- Spouse: Miranda Perry Fleischer

Academic background
- Education: Columbia University (BA, JD);

Academic work
- Discipline: Tax Law
- Institutions: University of California, Los Angeles; University of Illinois; University of Colorado; University of San Diego; University of California, Irvine;

= Victor Fleischer =

Victor Fleischer is a professor of law at University of California, Irvine School of Law known for raising awareness of the carried interest tax loophole.

== Biography ==
Fleischer grew up in Buffalo, New York, the son of now retired academics, and earned a B.A. from Columbia College in 1993 and a J.D. from Columbia Law School in 1996. He worked at Davis Polk & Wardwell and clerked for the U.S. Court of Appeals for the Fourth Circuit and Ninth Circuit before entering academia in 2001. He taught at the UCLA School of Law, University of Illinois College of Law, University of Colorado Law School, the University of San Diego School of Law, chairing the law school's tax programs, before joining the University of California, Irvine School of Law in 2018. His research has focused on the fields of tax policy and corporate tax.

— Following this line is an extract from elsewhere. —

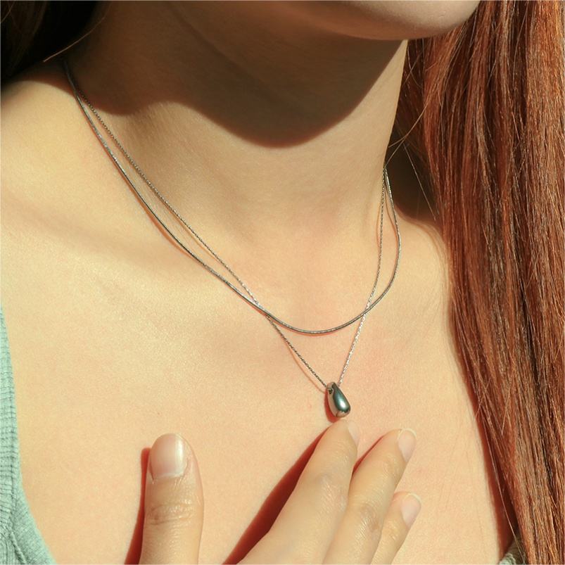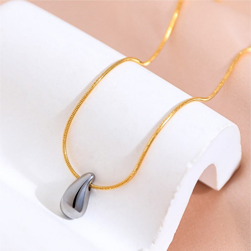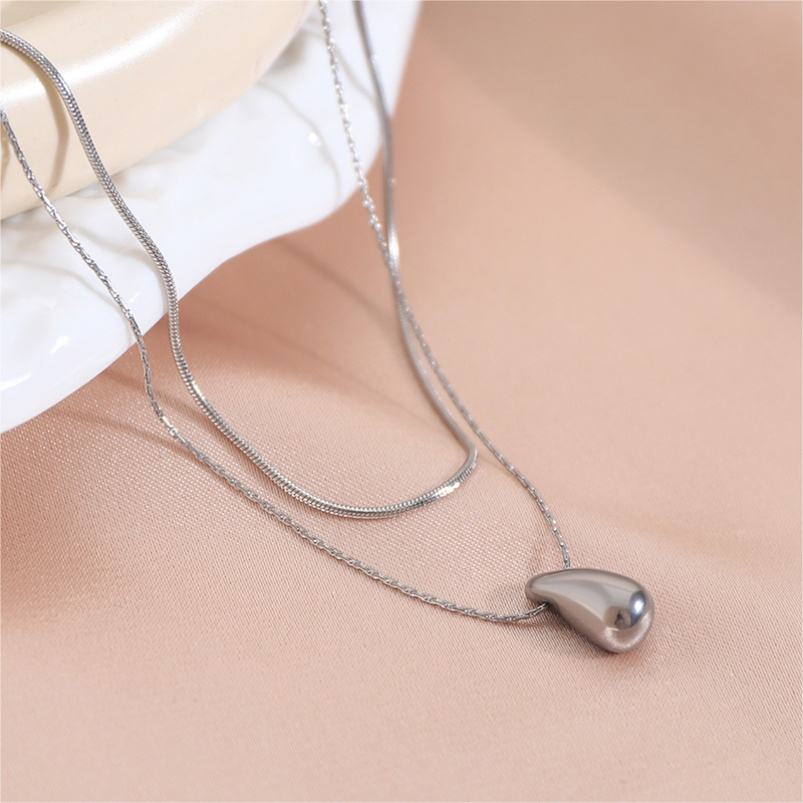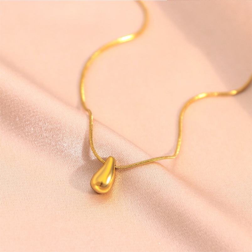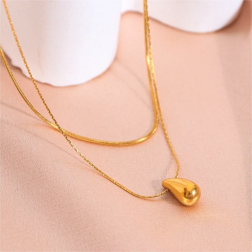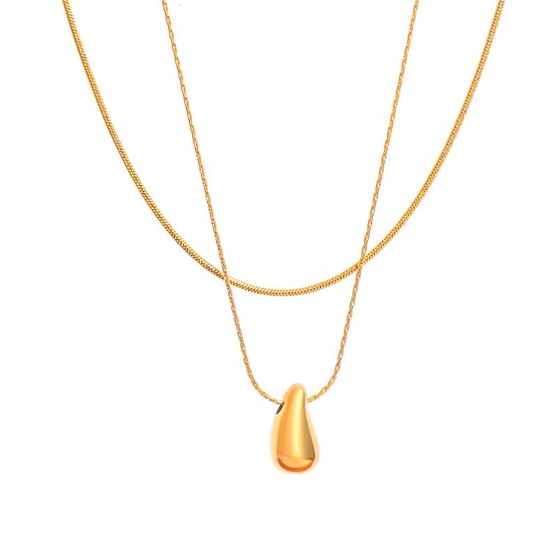 JUSTOP Collier à pendentif goutte d'eau en acier inoxydable plaqué or 18 carats, chaîne serpent, double rangs, style tendance, pour femmes et hommes, idéal pour les fêtes

Fleischer was known for his 2006 article, which highlighted the inequity of the tax treatment whereby private equity firms would classify the money it makes from on the future profits of their deals, also known as "carried interest," as capital gains, rather than as ordinary income, thereby paying a long-term capital gains tax rate that is 17 percentage points lower than the federal income tax rate. He argued that the loophole could cost the government as much as $130 billion over the next decade and said that the private equity industry should pay higher taxes, urging the U.S. government to fix the tax loophole. He was credited for popularizing the concept and turning into a political cause.

In 2016, Fleischer joined the United States Senate Committee on Finance staff as the co-chief tax counsel to the Democratic Party and served in that position until 2017.

== Personal life ==
Fleischer is married to Miranda Perry Fleischer, a professor of tax law at the University of San Diego.